Implementation:Datajuicer Data juicer ExtractEntityRelationMapper
| Knowledge Sources | |
|---|---|
| Domains | NLP, Knowledge Graph, Entity Extraction |
| Last Updated | 2026-02-14 16:00 GMT |
Overview
Extracts entities and their relationships from text to build knowledge graph structures, using an API-based language model with a structured prompt template adapted from the LightRAG project.
Description
ExtractEntityRelationMapper is a core knowledge graph construction operator that transforms unstructured text into structured entity-relation triples.
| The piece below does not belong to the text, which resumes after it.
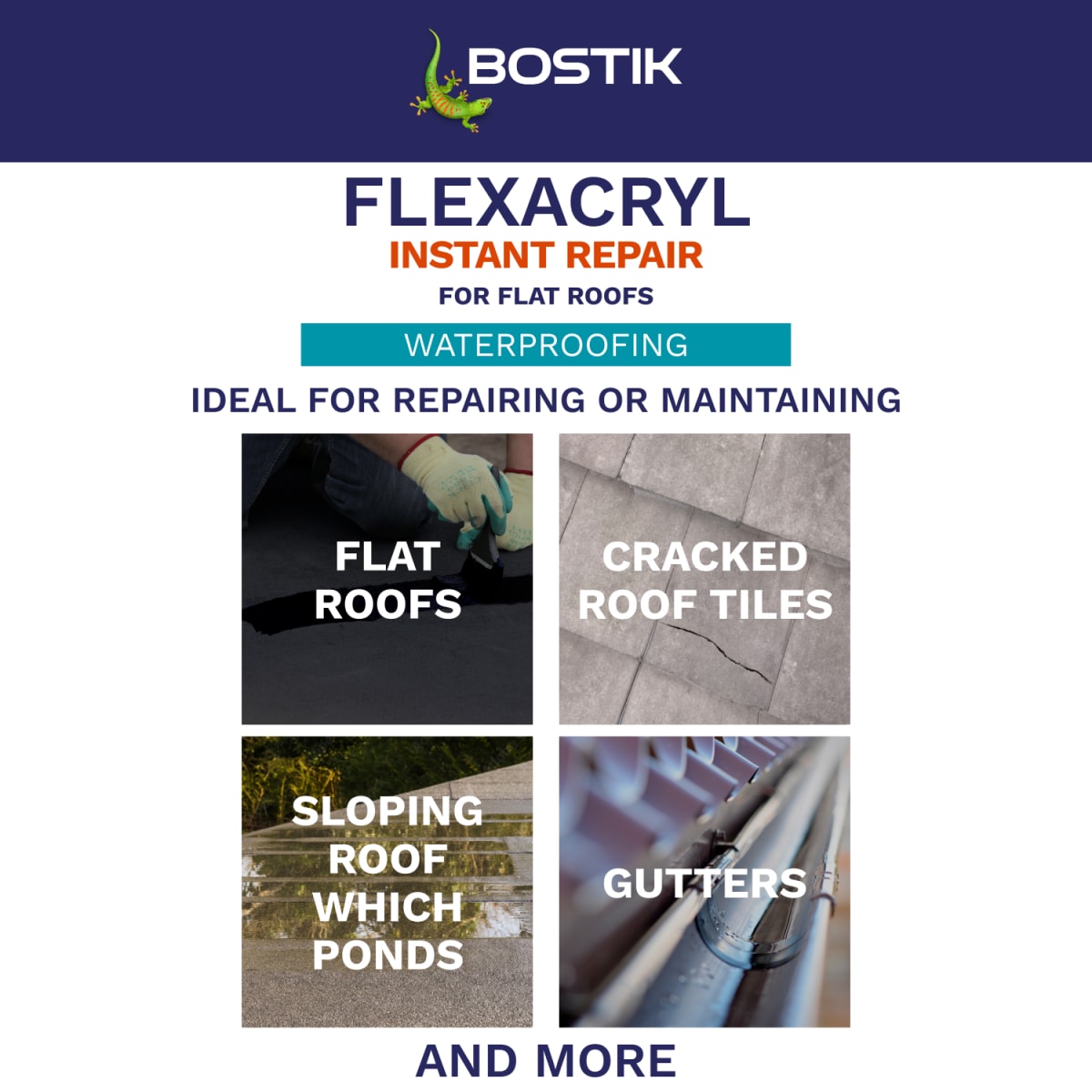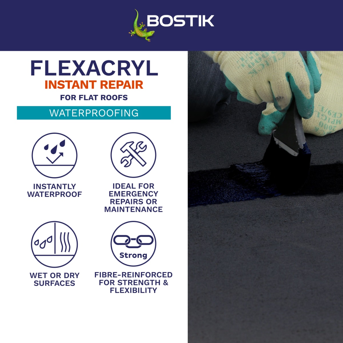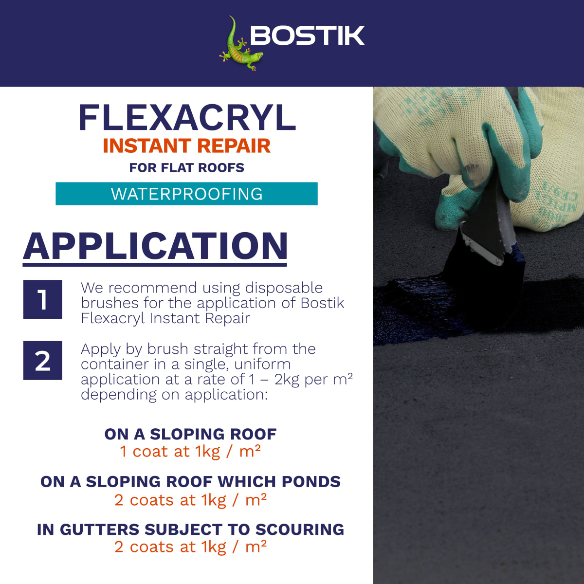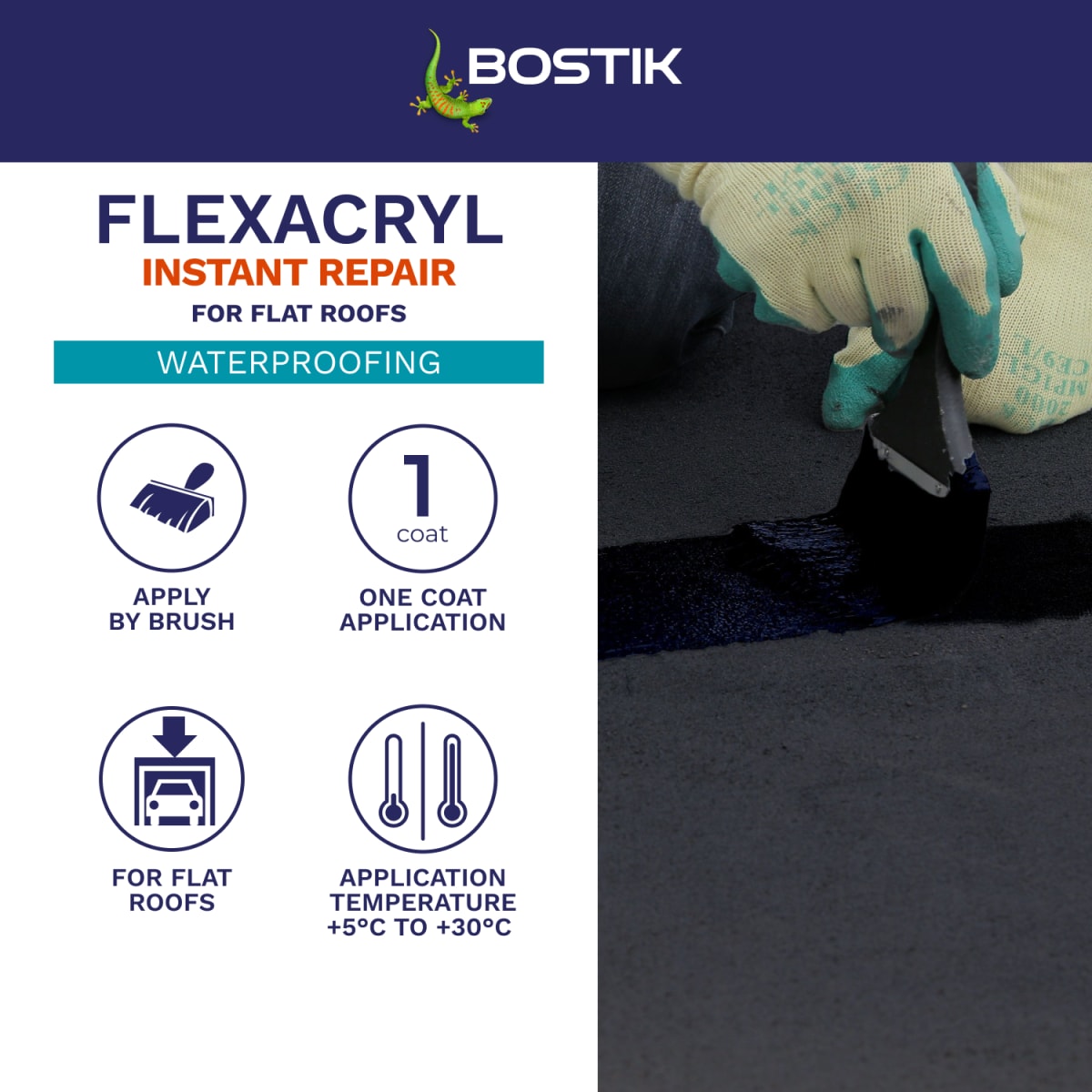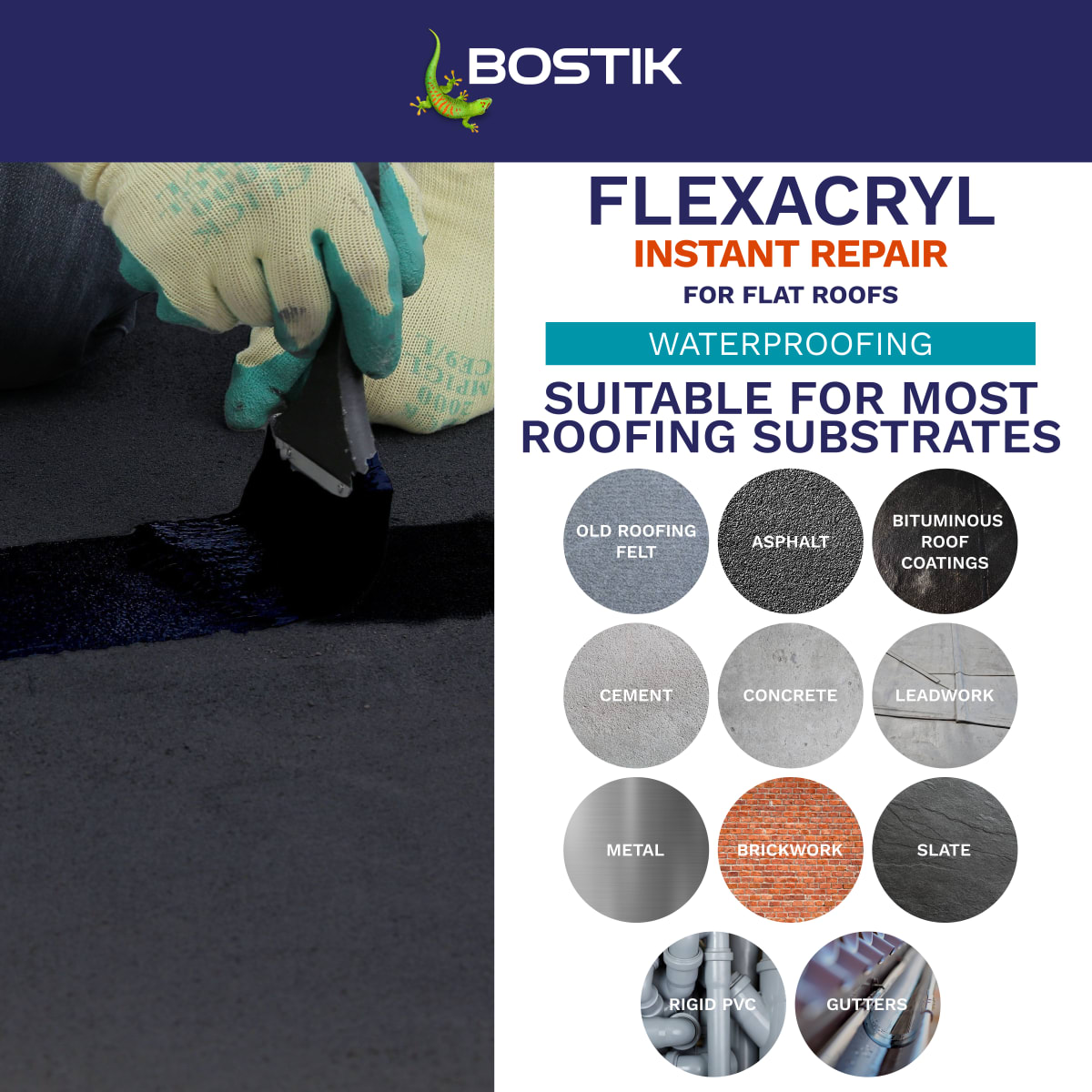 Bostik Flexacryl Instant Repair for Roofs is a flexible roof coating that offers immediate waterproofing on most conventional roof substrates. Bostik Flexacryl Instant Repair for Roofs can be brushed straight from the tin onto substrates such as old roofing felt, asphalt, bituminous roof coatings, cement, concrete, lead work, metal, brickwork, slate and rigid PVC. Bostik Flexacryl Instant Repairs for Roofs is also suitable for application to gutters and flashings. If using Bostik Flexacryl Instant Repair for Roofs on a roof or balcony subject to heavy traffic, regular use or the placing of objects such as garden furniture,

It uses a detailed prompt template (adapted from LightRAG) that guides an API model through a structured extraction process:
- Entity Identification -- Identifies entities with configurable types (default: organization, person, geo, event) and extracts their names, types, and descriptions
- Relationship Extraction -- Identifies related entity pairs with relationship descriptions, keywords, and numeric strength scores
- Gleaning -- Supports multiple extraction rounds (configurable via max_gleaning) to ensure comprehensive extraction, with an if-loop prompt to determine when to stop
- Structured Parsing -- Uses configurable delimiters (tuple, record, completion) and regex patterns to parse the structured output
The prompt template includes detailed instructions with multi-language examples (English and Chinese). Output entities and relations are cached in the sample's metadata under configurable keys (default: entity and relation).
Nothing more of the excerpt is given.